If paying celebrities to go galivanting around the world finding out more about their relatives was all it did, then Who Do You Think You Are?
(BBC One, Wednesday, 9pm) would be a pretty despicable programme. Why don't the celebrities fund their own research? Why on earth should we pay for them to sit in the archives and cry over the sad lives of their ancestors? Could it be that a celebrity tear isn't worth shedding unless there's a camera pointing at it?
The truth is that, as well as all this celebrity introspection, there has always been another level to the programme, one that tells the wider social story of Britain and explores not only how much we have changed over the past 150 years or so, but also how much we haven't.
Last week's programme, featuring the singer Annie Lennox, was a good example. Lennox grew up in Aberdeen and went back there to find out more about her family. After a lot of clumping around the cold, grey streets, she discovered that her great-great-great grandmother Mary had been a pauper, living in a dark, blackened room up a discouraging close. To survive, Mary had to rely on poor relief, the Victorian equivalent of the benefits system, and it was here that some of the most striking parallels between then and now emerged.

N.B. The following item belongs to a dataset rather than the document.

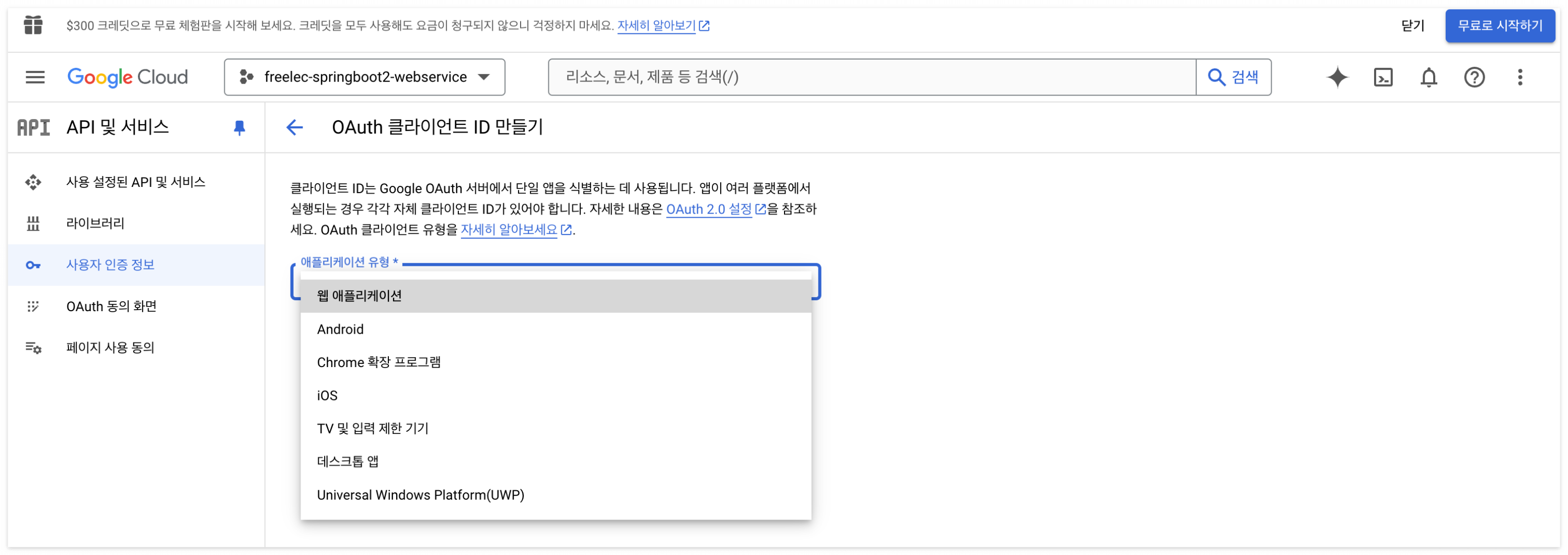 사용자 인증 정보 - OAuth 클라이언트 ID 선택.

Poor relief was based on the idea that the poor could be divided into two categories: deserving and undeserving, and you were only deserving if you could prove you were unable, rather than unwilling, to work. Those who did apply for the relief were taken in front of sombre church hearings in which well-fed men in tight dog collars made their judgment. Even if the judgment was favourable, the poor relief would always be set at the bare minimum so as not to encourage idleness.
Lennox was shocked when she heard this – it seemed, she said, like a dark Victorian melodrama. But the facts of the story don't require a lot of retuning to sound more current. We are in the middle of a debate right now about the benefits system and the questions are the same. Is it too soft? Does it encourage the idle in their joblessness? The language may be different but the implication is the same: there are some poor people who are lazy and must be forced out of their idleness.

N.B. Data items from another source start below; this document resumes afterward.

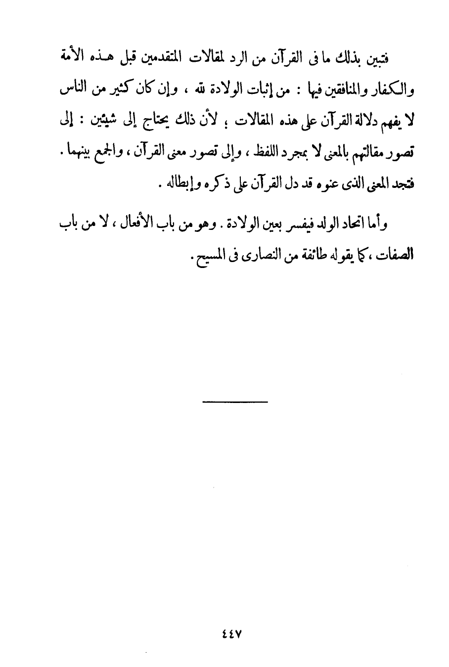 فَتَبَيَّنَ بِذَلِكَ مَا فِي الْقُرْآنِ مِنْ الرَّدِّ لِمَقَالَاتِ الْمُتَقَدِّمِينَ قَبْلَ هَذِهِ الْأُمَّةِ وَالْكُفَّارِ وَالْمُنَافِقِينَ فِيهَا: مِنْ إثْبَاتِ الْوِلَادَةِ لِلَّهِ وَإِنْ كَانَ كَثِيرٌ مِنْ النَّاسِ لَا يَفْهَمُ دَلَالَةَ الْقُرْآنِ عَلَى هَذِهِ الْمَقَالَاتِ؛ لِأَنَّ ذَلِكَ يَحْتَاجُ إلَى شَيْئَيْنِ: إلَى تَصَوُّرِ مَقَالَتِهِمْ بِالْمَعْنَى لَا بِمُجَرَّدِ اللَّفْظِ وَإِلَى تَصَوُّرِ مَعْنَى الْقُرْآنِ وَالْجَمْعِ بَيْنَهُمَا. فَتَجِدُ الْمَعْنَى الَّذِي عَنَوْهُ قَدْ دَلَّ الْقُرْآنُ عَلَى ذِكْرِهِ وَإِبْطَالِهِ. وَأَمَّا اتِّحَادُ الْوَلَدِ فَيُفَسَّرُ بِعَيْنِ الْوِلَادَةِ. وَهُوَ مِنْ بَابِ الْأَفْعَالِ لَا مِنْ بَابِ الصِّفَاتِ كَمَا يَقُولُهُ طَائِفَةٌ مِنْ النَّصَارَى فِي الْمَسِيحِ.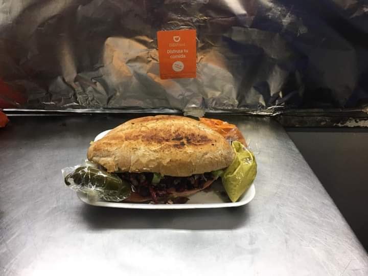 Ingredientes: Pan (Telera), carne de bistec (Rebanada) y trompo (Rebanada), aguacate, lechuga, queso (Rayado) asadero, mayonesa. (Porción Personal)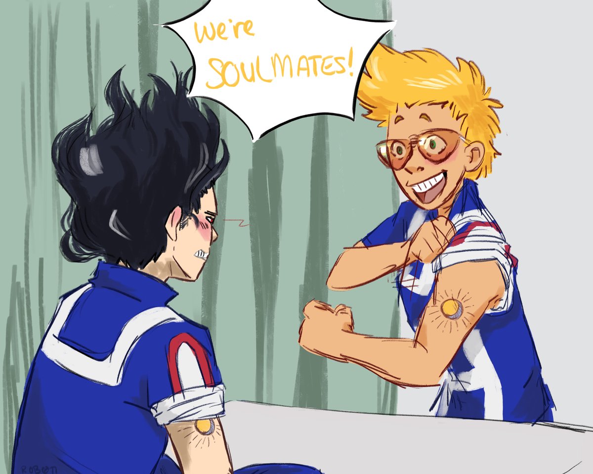 Recently @Bi_the_By wrote a cute little Soulmate AU thread and I had to draw it! It was too cute! 😭💖☀️🌙 #erasermic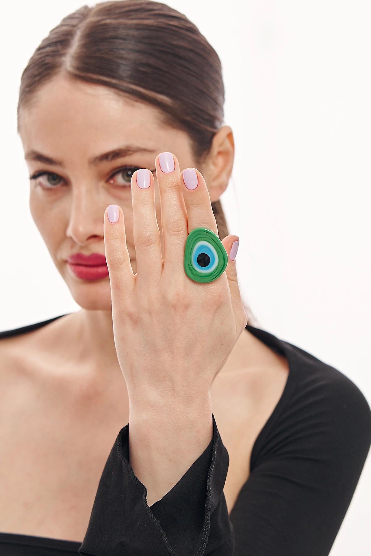 ZeyDor Green Glass Evil Eye Ring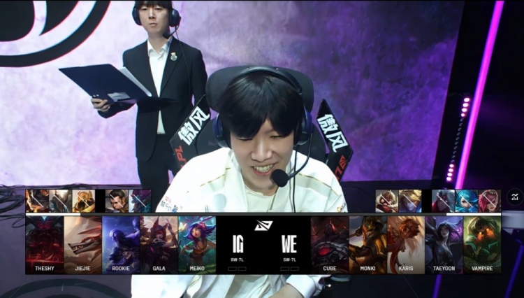 中期先锋团Cube赛恩开车撞飞TheShy,Meiko妮蔻大三人,Taeyoon卡莎飞脸带走GALA后再杀Rookie与jieije狂轰三杀,WE打出1换4。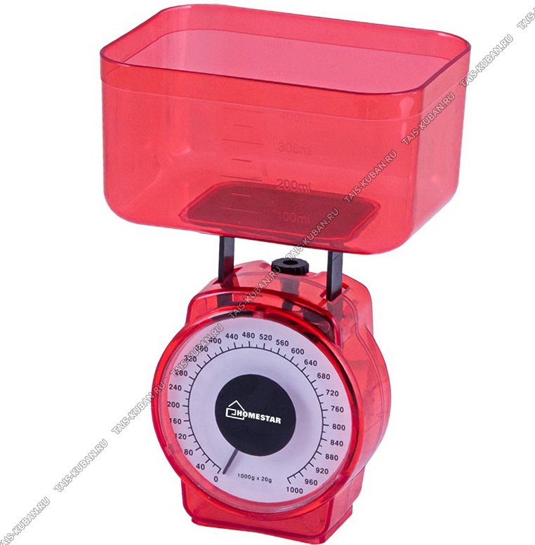 Весы кухонные с чашей, механ до 1кг, дел.10г,чаша 400мл,красн.(40)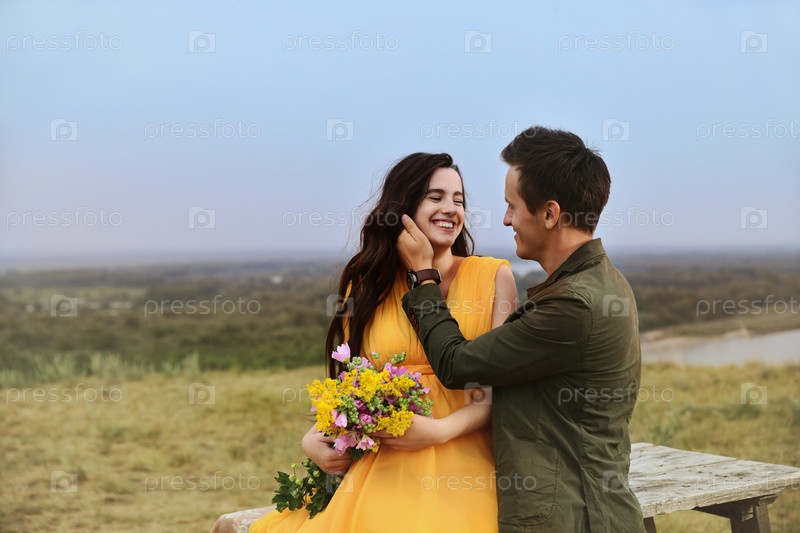 Беременная девушка в желтом платье и с цветами смеется с мужчиной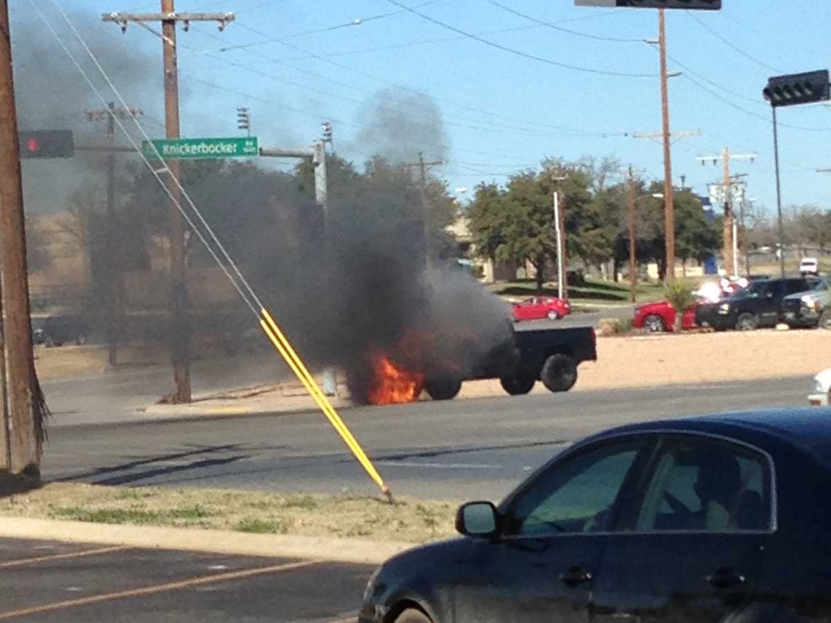 A 1995 Chevrolet pickup caught fire while traveling down Knickerbocker Road Sunday afternoon. According to fire investigator Karla Steppe of the San Angelo Fire Department, the driver of the truck said that he heard a loud pop or bang. Immediately after the noise, the driver observed white smoke filtering up from underneath the hood of the engine.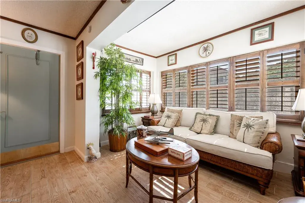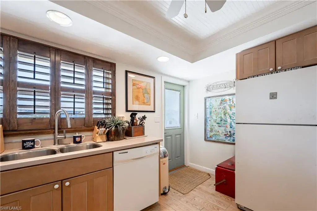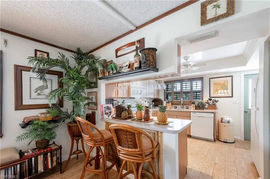 palm, parrot and nautical decor add to the tropical vibe. This optimum location is a short walk to the bustle and glamour of 5th Ave S, Collier Park tennis courts, Cambier Park events, Gulfshore Playhouse, around the corner from quayside restaurants of Tin City, and a short bike ride to the beach and Naples Pier. This charming oasis offers the perfect lifestyle within the Naples Historic District. This is a marina community with possiblity of slip rentals. No-bridge access to the Gulf of Mexico.

The effect of all this on Lennox was clear. Wrapped up in a big scarf to protect her against the dour Aberdeen winds, she said the story of her family, and Victorian society, was now more clearly focused for her. "It ceases to be a fiction or an abstraction," she said. "The Victorian times in Scotland were incredibly tough."

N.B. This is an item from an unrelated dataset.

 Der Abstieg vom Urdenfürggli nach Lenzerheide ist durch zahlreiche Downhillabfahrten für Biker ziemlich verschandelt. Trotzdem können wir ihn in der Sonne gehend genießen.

But perhaps there was another, more positive message to be learned from the programme. If Who Do You Think You Are? proves anything, it's that most families, a few generations back, were affected by poverty; most of us lived in the dark. But in the 1970s and 1980s, millions of us escaped, Lennox included. She was part of the first generation in which most people had genuine comfort. Perhaps looking back on the dark, frightening history of Victorian poverty should remind us of that most of all.